Faber, S., Williams, M. T., Metzger, I. W., MacIntyre, M. M., Strauss, D., Duniya, C. G., Sawyer, K., Cénat, J. M., & Goghari, V. (In press). Lions at the gate: How weaponization of policy prevents people of colour from becoming professional psychologists in Canada. Canadian Psychology. Advance online publication. https://doi.org/10.1037/cap0000352
MacIntyre, M. M. (2023). Letter to the editor. International Journal of Mental Health and Addiction. https://doi.org/10.1007/s11469-023-01111-0
MacIntyre, M.M., Zare, M., & Williams, M.T. (2023). Anxiety-related disorders in the context of racism. Current Psychiatry Reports, 25(3). https://doi.org/10.1007/s11920-022-01408-2
Williams, M. T., Khanna Roy, A., MacIntyre, M., & Faber, S. (2022). The traumatizing impact of racism in Canadians of colour. Current Trauma Reports, 8, 17 – 34. https://doi.org/10.1007/s40719-022-00225-5 [invited]
Williams, M., La Torre, J., & MacIntyre, M., M. (In press). Culture, race, religion and obsessive-compulsive disorder. In C. Lack (ed.), Obsessive-Compulsive Disorder: Etiology, Phenomenology, and Treatment, 2nd ed. United Kingdom: Onus Books.
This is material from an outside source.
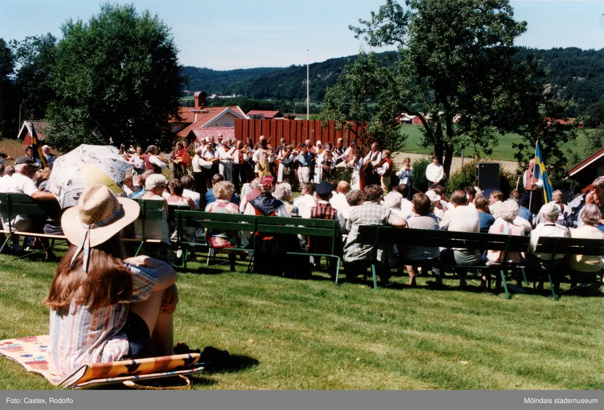 Ett spelmanslag uppträder inför publik på hembygdsgården Börjesgården i Hällesåker, Lindome, i Mölndals kommun, år 2001.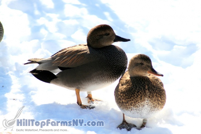 I have for sale one 2011 hatch Gadwall Drake. I am selling him as I lost the hen. Shipping would be on weather permitted days. He is in perfect shape and in good condition. He is full winged and has no defects. Picture is of the pair which I took before I lost the hen.

Williams, M.T., Faber, S.C., Abdulrehman, R.Y., MacIntyre, M.M., Harrison, T., Gallo, J., & Dasgupta, A. (2023). The Experience of Racism by Public Service Employees. Commissioned by the Office of the Auditor General of Canada (OAG).
I am a member of the American Psychological Association, Association for Cognitive and Behavioural Therapies, Canadian Psychological Association, and Justice, Equity, Diversity, and Inclusion (JEDI) working group for the American Psychedelic Practitioners Association.